[Start of section]

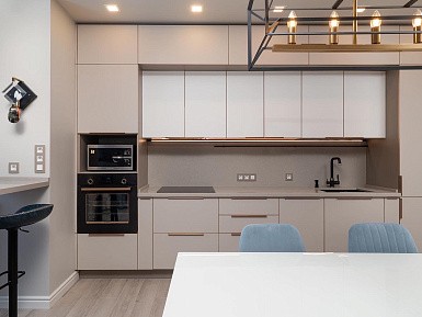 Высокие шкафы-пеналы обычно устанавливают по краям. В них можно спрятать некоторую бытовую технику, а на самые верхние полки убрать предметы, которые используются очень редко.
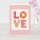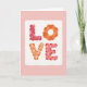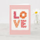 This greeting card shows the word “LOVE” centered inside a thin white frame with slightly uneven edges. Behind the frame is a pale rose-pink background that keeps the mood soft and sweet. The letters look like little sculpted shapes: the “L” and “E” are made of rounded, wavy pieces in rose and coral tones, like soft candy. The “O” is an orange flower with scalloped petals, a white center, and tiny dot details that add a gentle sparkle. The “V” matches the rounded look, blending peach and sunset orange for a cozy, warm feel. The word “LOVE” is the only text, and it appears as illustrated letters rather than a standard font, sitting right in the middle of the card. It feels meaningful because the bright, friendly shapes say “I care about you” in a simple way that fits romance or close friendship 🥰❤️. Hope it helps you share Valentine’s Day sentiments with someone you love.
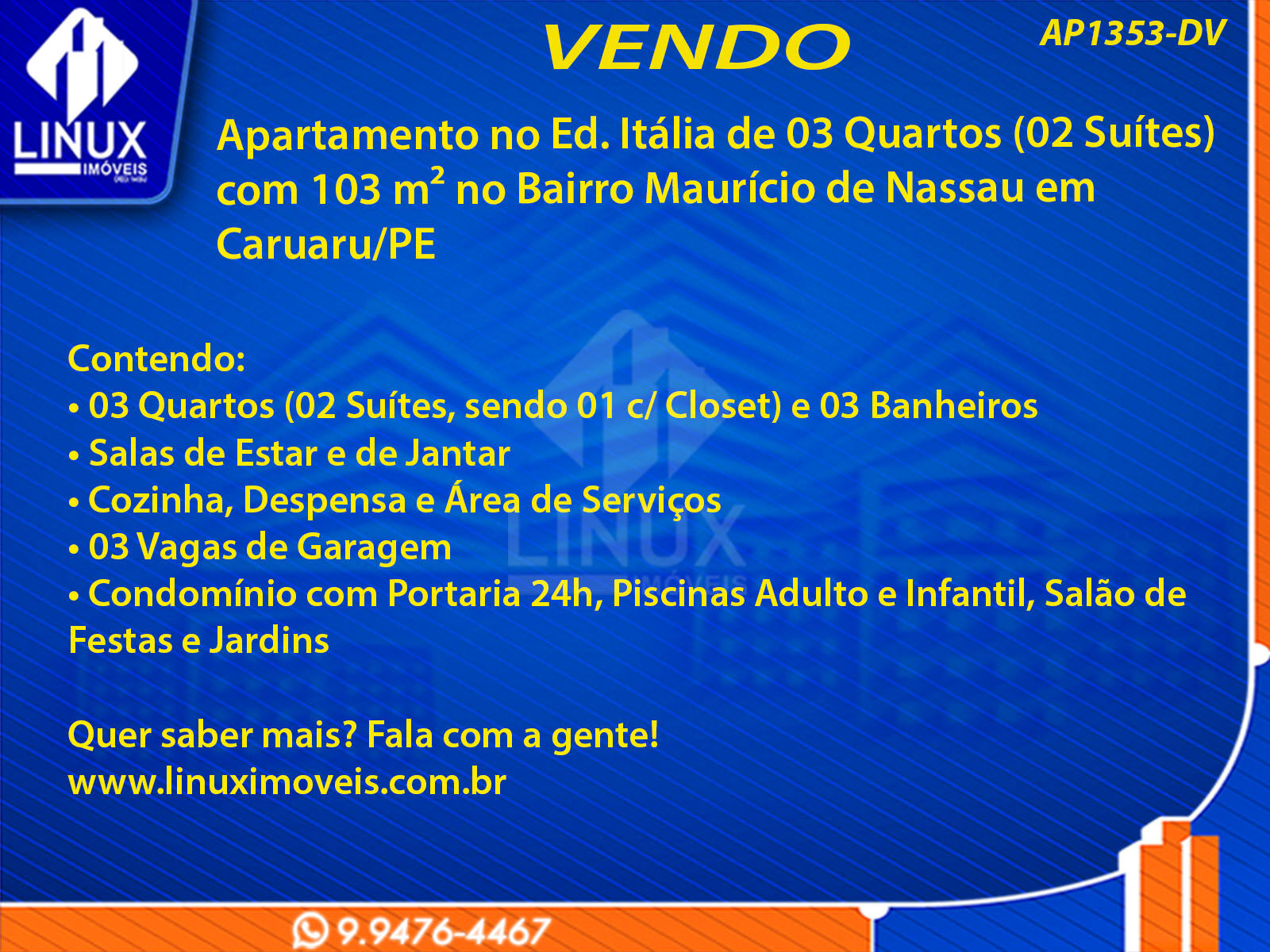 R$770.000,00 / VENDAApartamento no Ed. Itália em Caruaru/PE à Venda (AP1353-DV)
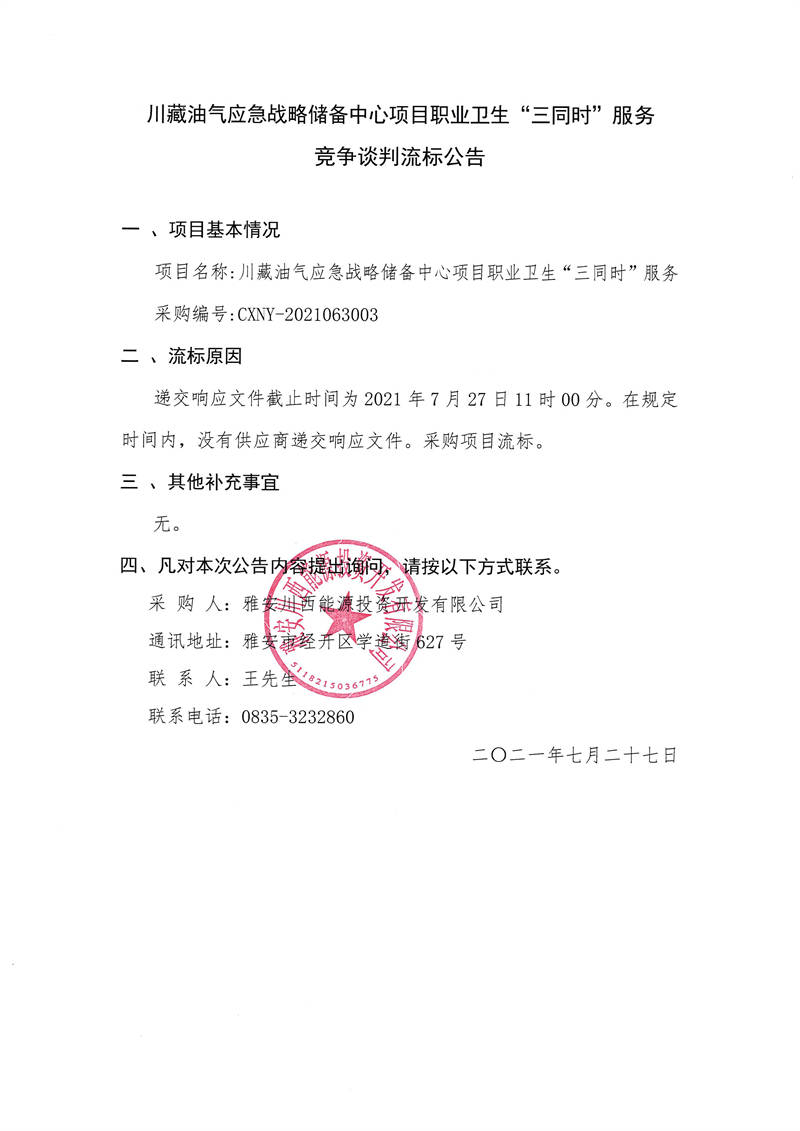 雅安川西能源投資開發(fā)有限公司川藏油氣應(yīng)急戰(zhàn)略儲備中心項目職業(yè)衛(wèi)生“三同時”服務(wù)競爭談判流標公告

[End of section]
[Start of section]

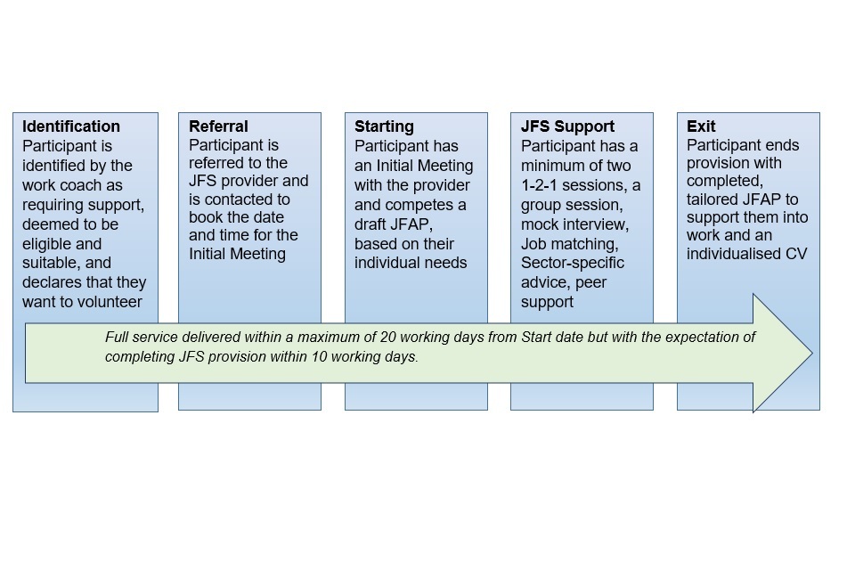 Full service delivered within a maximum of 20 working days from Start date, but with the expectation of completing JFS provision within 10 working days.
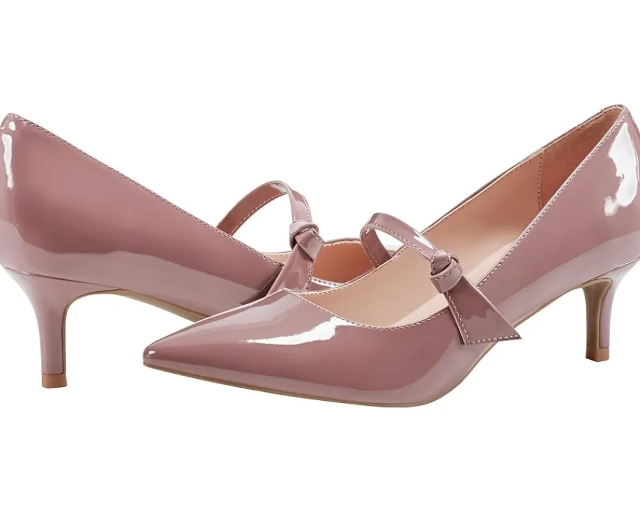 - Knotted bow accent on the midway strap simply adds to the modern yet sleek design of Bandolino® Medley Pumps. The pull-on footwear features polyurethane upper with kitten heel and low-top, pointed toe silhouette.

[End of section]

→ Exercise
What is wanted is an exact copy of the lines above from the one containing "Высокие шкафы-пеналы обычно" through the one containing "This greeting card", with no pictures in it.

→ Reply to the task
 Высокие шкафы-пеналы обычно устанавливают по краям. В них можно спрятать некоторую бытовую технику, а на самые верхние полки убрать предметы, которые используются очень редко.
 This greeting card shows the word “LOVE” centered inside a thin white frame with slightly uneven edges. Behind the frame is a pale rose-pink background that keeps the mood soft and sweet. The letters look like little sculpted shapes: the “L” and “E” are made of rounded, wavy pieces in rose and coral tones, like soft candy. The “O” is an orange flower with scalloped petals, a white center, and tiny dot details that add a gentle sparkle. The “V” matches the rounded look, blending peach and sunset orange for a cozy, warm feel. The word “LOVE” is the only text, and it appears as illustrated letters rather than a standard font, sitting right in the middle of the card. It feels meaningful because the bright, friendly shapes say “I care about you” in a simple way that fits romance or close friendship 🥰❤️. Hope it helps you share Valentine’s Day sentiments with someone you love.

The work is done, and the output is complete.